What kind of study was this?

This was a “meta-analysis,” which means it’s an analysis of all the research that’s been done on a particular topic. No original research is done in a meta-analysis. Instead, researchers search all the relevant journals for studies on a particular topic. Then they take the data from those studies and compare and combine them to summarize what all the research has to say on that topic.

What did researchers want to know?

In this meta-analysis, researchers wanted to know what all the existing research showed us about the effect of reducing dietary carbohydrate and increasing dietary protein on blood pressure.
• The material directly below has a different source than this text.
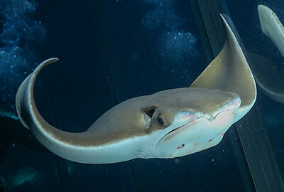 The Giant Ocean Tank features a coral reef and hundreds of Caribbean reef animals, including sea turtles, cownose rays, eels, and fishes.
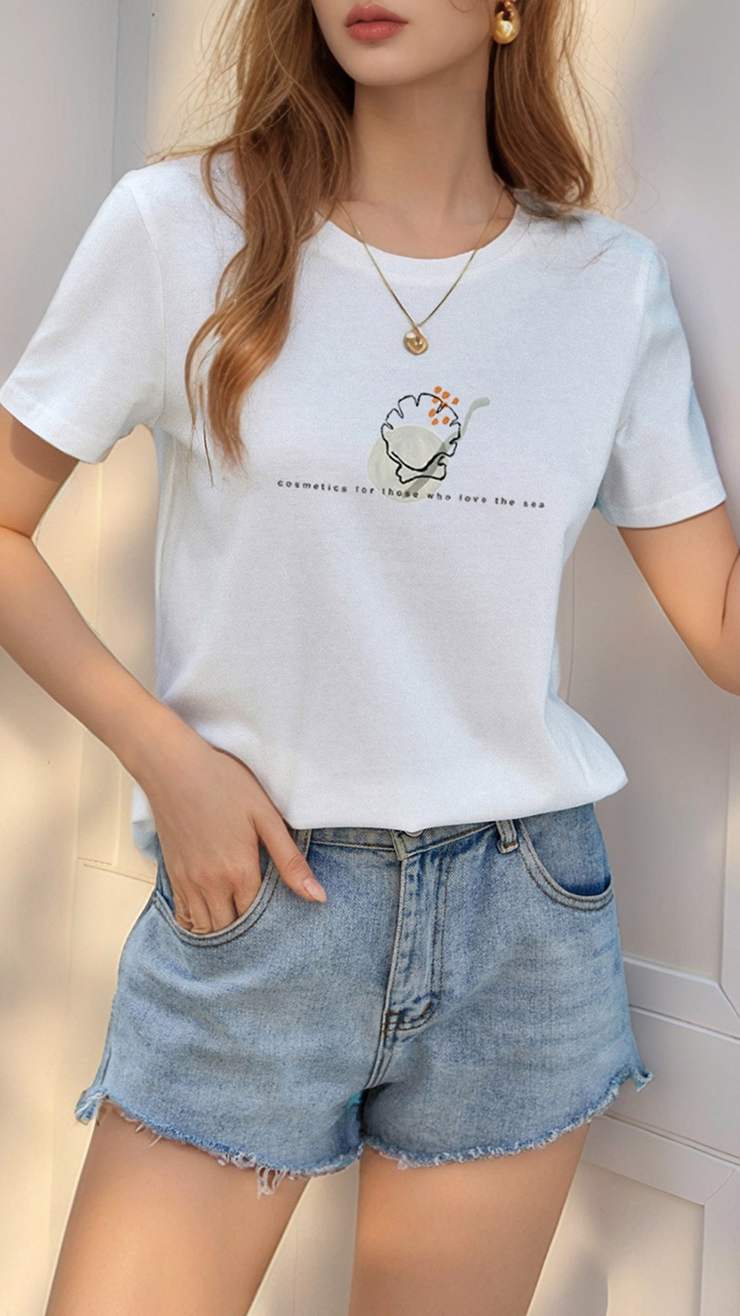 Casual kortärmad skjorta med rund hals och tecknat tryck

What did the researchers actually do?

They searched all peer-reviewed scientific journals for studies related to protein intake and blood pressure. They also asked professionals in the field about which studies they considered most important.

They found 40 randomized controlled trials where researchers had one group eat more protein and fewer carbs, and another group eat a higher carbohydrate diet, and then compared changes in blood pressure afterward.

They then used statistical methods to average out the change in blood pressure for the higher protein group compared with the higher carb group across all the studies.

What did the researchers find?

Compared to the higher carb groups, the higher protein groups had significantly lower blood pressure (“Significance” in scientific studies usually means that, statistically, it is very unlikely that if we were to do this study again that we would come up with drastically different results.).

They also found that blood pressure was reduced by generally the same amount whether the protein was from animals or plants.

What does this mean for parents and kids?

We generally don’t need to worry about blood pressure in kids, but for many of us parents, high blood pressure can be a health problem.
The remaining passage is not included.